Clara si alzò e andò a prendere un bicchiere d'acqua, contemporaneamente suonò il telefono: «Pronto?» si allontanò in un’altra stanza. Non so quanto tempo passò, minuti? Mi sembrarono ore. Quando tornò, si scusò chiedendomi se desiderassi qualcosa, rifiutai. Desideravo solo parlare, sfogare l'angoscia che mi attanagliava il cuore indebolito dalle delusioni.

«Credo di essermi sbagliata riguardo alla tua patologia.» affermò Clara.

«È una malattia?»

«Sì, a volte queste emozioni superano il livello di guardia, oltrepassando il traguardo della razionalità.»

«Non afferro.» risposi.

«Inizialmente credevo che la tua fosse una forma di possessività dovuta alla mancanza di tuo padre, perdonami se te lo rammento.»

«Niente.» risposi cercando di evitare il ricordo.

«Poi con l'accumularsi delle tue sfortunate vicende che si perpetuano proiettandosi tutte allo stesso modo, ho maturato l'idea che tu soffra di gelosia.» proseguì Clara.

«Questo me lo hai già detto.»

«Sì ma vedi», posò sul tavolo il taccuino. «quello che non riesco a mettere a fuoco è che tipo di gelosia.»

«Perché si possono definire più gelosie?»

«Inizialmente pensavo si trattasse di gelosia ossessiva, dove il dubbio sull’infedeltà del partner è lacerante e non si riesce a zittire. Tu sei sempre alla ricerca di segnali che possano lenirlo, confermazioni per smentirlo. Ricordi cosa assodasti dopo aver trovato tra le cose di Franco, uno slip da donna? Gli feci l'interrogatorio di terzo grado, fosti peggiore della Gestapo. Alla fine ottenesti la confessione.»

«Ah.. ah! Fu poi la sorella a dirmi di averle messe tra le sue cose per errore.»

«Poi quando ti mettesti in contatto con un detective per indagare sulle attività di Claudio? Eri pienamente convinta della sua infedeltà, solo perché la sera andava ad allenarsi in palestra.
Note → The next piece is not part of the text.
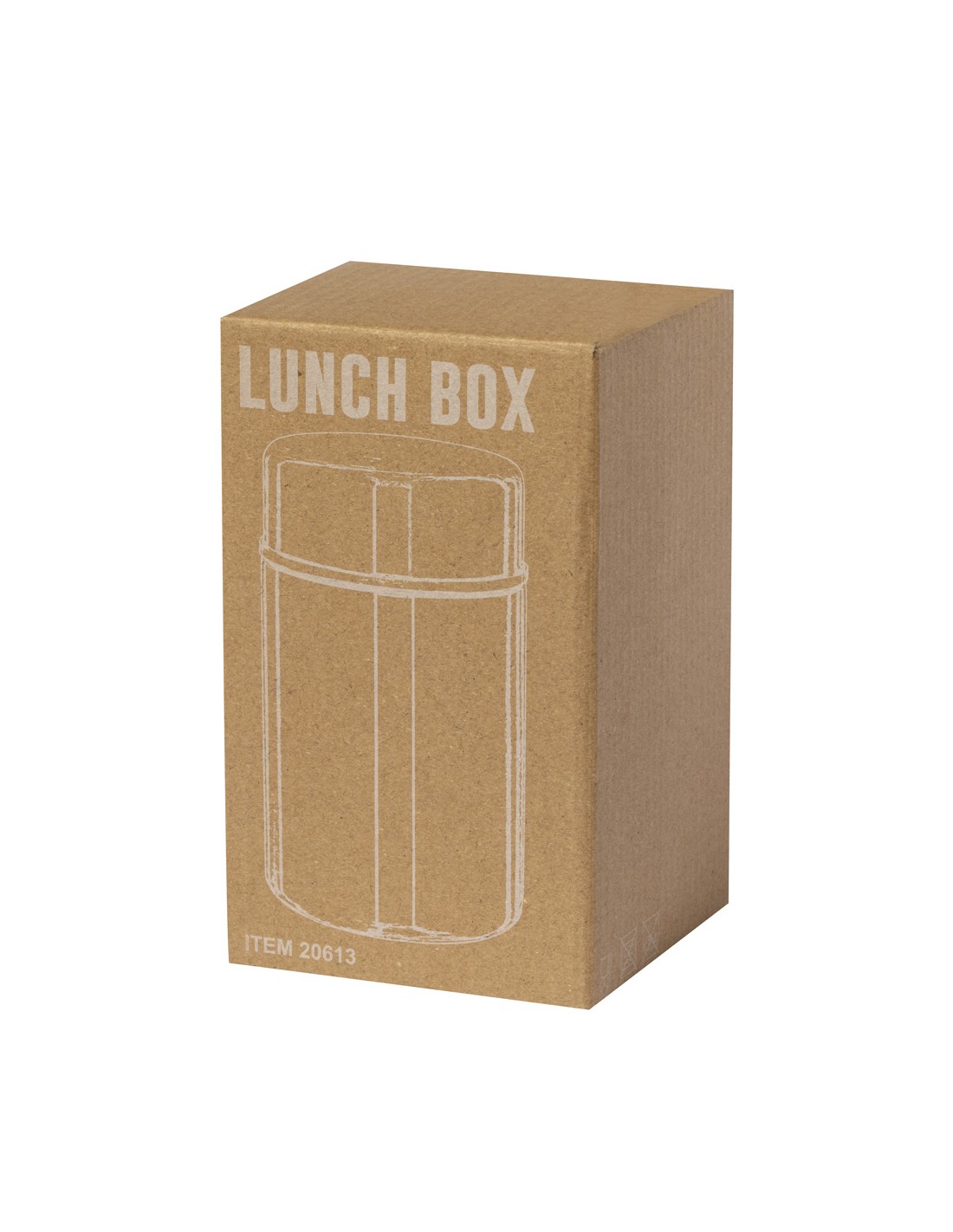 Porta pranzo in acciaio inox a doppia parete con capacità di 600 ml personalizzato. Chiusura di sicurezza con coperchio a vite in acciaio inox. Disponibile in argento e nero e presentato singolarmente in una scatola dal design accattivante.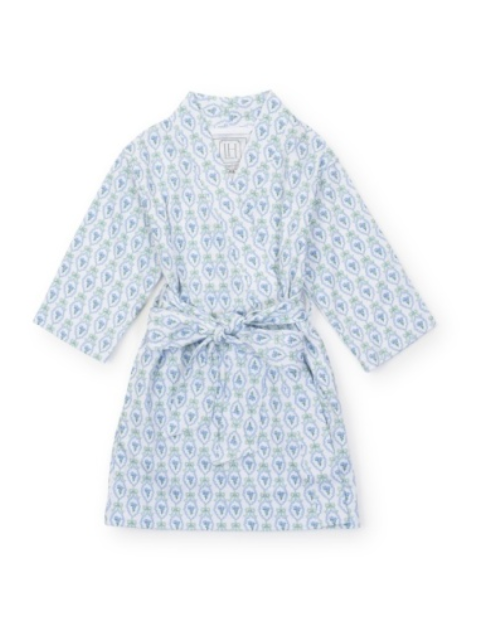 Pima cotton girls' spa wrap. Hits above the knee, and sleeves are slightly above the wrist.

Poi come hai costatato, finiva la serata con gli amici al circolo e alla fine lui si accorse. All’inizio la prese a ridere ma, tu non soddisfatta continuasti a farlo pedinare, perché eri convinta che una volta appurato, il fatto che non facesse niente di male, dora in poi avrebbe potuto dilettarsi con le sue amanti. Quando lui percepì che in te c’era qualcosa di più profondo di una sana gelosia per altro infondata, ti avvertì di allentare la presa ma tu che feci? Il contrario; forzasti il pedinamento arricchendo le tasche del detective, cui unica mansione era di starsene in macchina e aspettare che Claudio finisse di allenarsi per poi spostarsi fino al circolo accanto.»

Scrollai la testa cercando una giustificazione al mio comportamento. Ora, lontana dal fatto potevo reputarmi una stupida con dei veri problemi ma, in quelle circostanze credevo che i miei gesti fossero legittimi, non volevo essere presa in giro e derisa da amanti scaltre. Che idiota! Perché agivo in quel modo?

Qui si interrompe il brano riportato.